A Therapist Explains How To Not Let Rejection Bring You Down
We can all benefit from 'rejection-proofing' our mental outlook.
By Jourdan Travers, LCSW | September 1, 2022
Many clients come to therapy with severe wounds of rejection. They may say things like, "I simply don't understand why anyone would ever treat someone that way" or "what have I done to deserve this?" or "why can't I just feel wanted for once?".
It's an unfortunate place to be as these feelings can be extremely demotivating and isolating. But rejection sensitivity is not an insurmountable problem. In this article, I'll talk about three ways to rejection-proof your attitude.
#1. Keep your focus on the present and the future, not the past
There's one thing that all of our rejection experiences have in common: they happened in the past. Whether it was a relationship that didn't work out, a job interview that went south, or a test that did not go as planned — it's over and done with.
While that may sound dismissive (sure, these things don't feel great and can certainly hurt in the present), it's the honest truth. It's up to you to leave the past in the past.
Psychologists talk about people having different "time perspectives." Some of us, by personality, focus more on the present and the future. Others are more nostalgic, preferring to spend their mental energy reminiscing about good times.
Other people fall into the unfortunate category of 'past-negatives.' These people tend to replay past experiences that are hurtful or anxiety-provoking, such as the times they experienced rejection. These are often the people who have had a debilitating experience with rejection. They come to fear rejection to the point that they shut themselves off from others or they pass up potentially rewarding experiences because they don't think it will work out for them.
But the only thing separating someone who has a 'past-negative' focus from being more future-focused or present-focused is themselves. Your thoughts and emotions flow from your behaviors. If you do things to focus your behaviors on the present and future (for example, incorporating mindfulness exercises into your daily routine, sticking to a strict work-out regimen, engaging in solution-focused psychotherapy, or setting ambitious goals for yourself), you may find your thoughts drifting less and less to those hurtful places of rejection until they eventually evaporate from your consciousness altogether.

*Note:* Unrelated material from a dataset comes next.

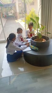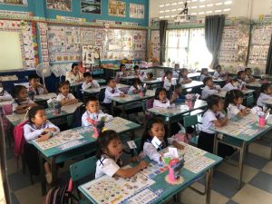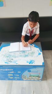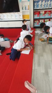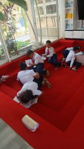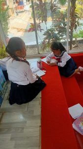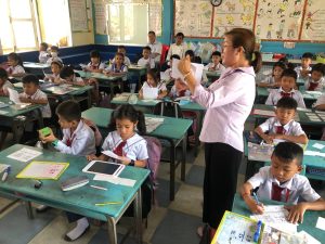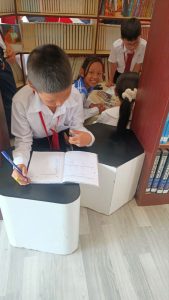 សកម្មភាពសិស្សថ្នាក់ទី១(ក) រៀនអានពាក្យតាមរយៈ Tablet នៅក្នុងបណ្ណាល័យ។ សិស្សានុសិស្សរីករាយនៅក្នុងការរៀន ព្រោះសាលាបានបញ្ចូលបច្ចេកវិទ្យាក្នុងការរៀនតាំងពីកម្រិតថ្នាក់ទី១។

#2. Learn to spot imaginary rejections
We all experience rejection; it's part of life. Some people, however, are so hyper-sensitive to it that they start seeing rejection where none exists. They may assume someone's body language conveyed a sign of irritation or boredom when, in fact, none existed. They might, without basis, infer someone's opinion about them by hearing it second or third-hand from someone else.
Duke psychologist Mark Leary, an expert on rejection sensitivity, has this to say about our faulty perceptions of rejection:
"We tend to have negative rather than neutral reactions to learning that someone feels neutral about us. What this means is that most people probably go through life feeling more rejected than they actually are. Furthermore, a history of actual rejection — by neglectful parents or rejecting peers, for example — seems to increase this tendency. Viewed in this way, the first step in addressing one's concerns with acceptance and rejection is to examine the evidence as objectively as possible, trying not to either sugar-coat others' reactions or read too much negativity into them."
In other words, be sure to fact-check yourself the next time you perceive rejection in an ambiguous situation. Don't be afraid to run the scenario by a friend or family member who might be able to offer an unbiased perspective on the situation. And, try your best to err on the side of inferring acceptance, not rejection.
#3. Count your wins as well as your losses
As humans, we have a tendency to preoccupy ourselves with negative information. This mode of thinking has an evolutionary basis — focusing on the potential threats in our environment kept us safe in uncertain conditions.
Unfortunately, it can cause us to misperceive how many slights, insults, and rejections we actually experience. One way to combat this mode of thinking is to keep track of your acceptances as well as your rejections. Life gives and life takes away. Make sure you celebrate and savor your victories at least as much as you lament your losses. This can help you keep life's inevitable rejections in context.
Conclusion
None of us want to feel like our experience with rejection and failure is guiding our life. To protect yourself from falling into this trap, (1) remember to focus more on the present and future and less on the past, (2) learn to fact-check your imaginary rejections, and (3) keep in mind that you likely have a win (or two) for every loss. Finally, it's important to cultivate a strong support structure (i.e., friends, family, resources, etc.) that allows you to bounce back from life's inevitable setbacks quickly.